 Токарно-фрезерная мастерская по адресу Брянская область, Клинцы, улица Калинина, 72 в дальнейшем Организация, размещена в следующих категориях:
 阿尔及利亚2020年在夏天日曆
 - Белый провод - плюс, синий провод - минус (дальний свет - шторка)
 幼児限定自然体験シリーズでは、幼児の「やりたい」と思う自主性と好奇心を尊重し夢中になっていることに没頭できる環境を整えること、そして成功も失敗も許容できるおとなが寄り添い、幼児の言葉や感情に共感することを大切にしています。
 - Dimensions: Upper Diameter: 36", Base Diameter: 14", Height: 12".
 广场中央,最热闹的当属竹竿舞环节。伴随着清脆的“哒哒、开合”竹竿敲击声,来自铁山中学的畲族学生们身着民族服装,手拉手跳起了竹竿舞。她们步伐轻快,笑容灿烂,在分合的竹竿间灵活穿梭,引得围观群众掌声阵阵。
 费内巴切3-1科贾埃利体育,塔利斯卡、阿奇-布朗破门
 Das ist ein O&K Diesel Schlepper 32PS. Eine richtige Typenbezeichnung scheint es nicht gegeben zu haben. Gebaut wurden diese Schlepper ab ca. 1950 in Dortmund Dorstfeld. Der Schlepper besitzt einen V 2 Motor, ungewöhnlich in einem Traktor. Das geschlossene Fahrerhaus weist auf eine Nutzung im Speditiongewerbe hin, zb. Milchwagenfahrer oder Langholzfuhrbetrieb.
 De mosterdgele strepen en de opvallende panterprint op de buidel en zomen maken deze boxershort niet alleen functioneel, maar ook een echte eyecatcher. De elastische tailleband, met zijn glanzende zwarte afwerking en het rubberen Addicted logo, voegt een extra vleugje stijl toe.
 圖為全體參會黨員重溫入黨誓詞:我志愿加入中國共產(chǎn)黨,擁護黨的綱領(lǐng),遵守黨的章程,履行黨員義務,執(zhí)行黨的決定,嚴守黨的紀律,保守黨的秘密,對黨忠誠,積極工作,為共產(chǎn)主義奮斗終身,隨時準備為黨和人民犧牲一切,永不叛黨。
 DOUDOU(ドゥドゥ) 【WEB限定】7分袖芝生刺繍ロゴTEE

**Required action**
Give the complete listing a second time, exactly as it reads.

**Exercise answer**
 Токарно-фрезерная мастерская по адресу Брянская область, Клинцы, улица Калинина, 72 в дальнейшем Организация, размещена в следующих категориях:
 阿尔及利亚2020年在夏天日曆
 - Белый провод - плюс, синий провод - минус (дальний свет - шторка)
 幼児限定自然体験シリーズでは、幼児の「やりたい」と思う自主性と好奇心を尊重し夢中になっていることに没頭できる環境を整えること、そして成功も失敗も許容できるおとなが寄り添い、幼児の言葉や感情に共感することを大切にしています。
 - Dimensions: Upper Diameter: 36", Base Diameter: 14", Height: 12".
 广场中央,最热闹的当属竹竿舞环节。伴随着清脆的“哒哒、开合”竹竿敲击声,来自铁山中学的畲族学生们身着民族服装,手拉手跳起了竹竿舞。她们步伐轻快,笑容灿烂,在分合的竹竿间灵活穿梭,引得围观群众掌声阵阵。
 费内巴切3-1科贾埃利体育,塔利斯卡、阿奇-布朗破门
 Das ist ein O&K Diesel Schlepper 32PS. Eine richtige Typenbezeichnung scheint es nicht gegeben zu haben. Gebaut wurden diese Schlepper ab ca. 1950 in Dortmund Dorstfeld. Der Schlepper besitzt einen V 2 Motor, ungewöhnlich in einem Traktor. Das geschlossene Fahrerhaus weist auf eine Nutzung im Speditiongewerbe hin, zb. Milchwagenfahrer oder Langholzfuhrbetrieb.
 De mosterdgele strepen en de opvallende panterprint op de buidel en zomen maken deze boxershort niet alleen functioneel, maar ook een echte eyecatcher. De elastische tailleband, met zijn glanzende zwarte afwerking en het rubberen Addicted logo, voegt een extra vleugje stijl toe.
 圖為全體參會黨員重溫入黨誓詞:我志愿加入中國共產(chǎn)黨,擁護黨的綱領(lǐng),遵守黨的章程,履行黨員義務,執(zhí)行黨的決定,嚴守黨的紀律,保守黨的秘密,對黨忠誠,積極工作,為共產(chǎn)主義奮斗終身,隨時準備為黨和人民犧牲一切,永不叛黨。
 DOUDOU(ドゥドゥ) 【WEB限定】7分袖芝生刺繍ロゴTEE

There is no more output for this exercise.